A tout cela s'ajoutent aussi les difficultés pour les changements d'état civil, où encore une fois, "il faut montrer patte blanche". "On est vraiment dans l'obligation de jouer sur les codes sociaux, ils se basent sur le physique. Pour la mention de genre , il faut montrer sa "bonne volonté" de paraître" détaille Iris.

- Des améliorations dans les pratiques –

"Le tableau n'est pas tout noir" tempère cependant Xylric. "La problématique se trouve surtout au niveau des endocrinologues et parfois les psychiatres. Mais il est par exemple plus simple de trouver des chirurgiens.
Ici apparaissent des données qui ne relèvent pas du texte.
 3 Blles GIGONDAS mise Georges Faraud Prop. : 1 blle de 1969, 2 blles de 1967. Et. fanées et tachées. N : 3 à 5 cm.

Ils sont peu nombreux mais ils sont impliqués, il y a déjà une relativement bonne mentalité dans le milieu hospitalier" souligne-t-il.

Les associations ont d'ailleurs mis en place une charte des bonnes pratiques, qui rappelle "des principes basiques qui devraient être des évidences pour comment on reçoit un patient" dit-il. "C'est particulièrement important pour des publics transgenres."
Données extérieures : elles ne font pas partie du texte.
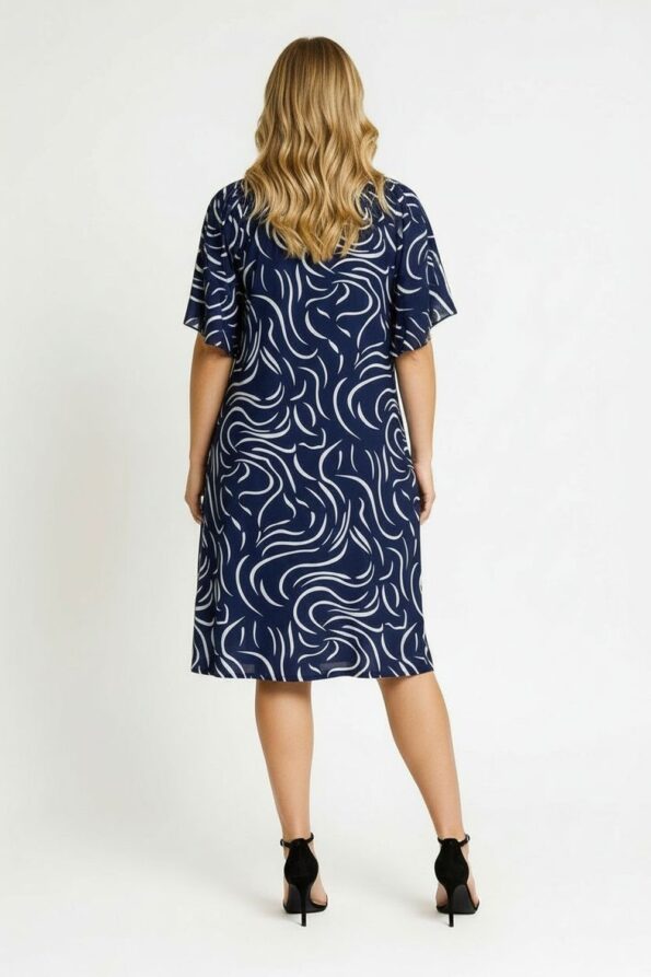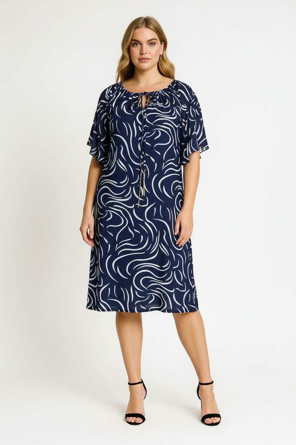 Vestido corto con escote redondo ajustable mediante lazo que aporta un detalle femenino y versátil, mangas cortas con ligero volumen que generan movimiento y frescura, corte recto que favorece la silueta brindando comodidad, confección en tela ligera y suave que garantiza libertad de movimiento y estilo moderno en cualquier ocasión

Cet outil a été conçu avec des soignants, et "permet d'avoir un langage qui ne les effarouche pas". "L'outil est fini, il reste juste à le diffuser."

Et le constat montre qu'il y a une grande demande du côté des soignants. "Il y a une vraie communication à faire, il y a une demande qui vient du milieu médical. Certains veulent faire mais ne savent pas comment" assure Xylric.

"Quand on crée des outils, cela crée des appels d'air et il y a énormément de personnes qui se présentent. Le problème est que quand ça saute, il y a plein de gens qui se retrouvent sur le carreau. On se rend compte de la fragilité de ce système de soutien" regrette cependant le président d'Orizon. 

Le chemin est donc encore long avant une prise en charge adéquate, et surtout respectueuse, des personnes transgenres. Mais un bout de chemin a déjà été franchi, et les pratiques iront, on peut l'espérer, seulement en s'améliorant.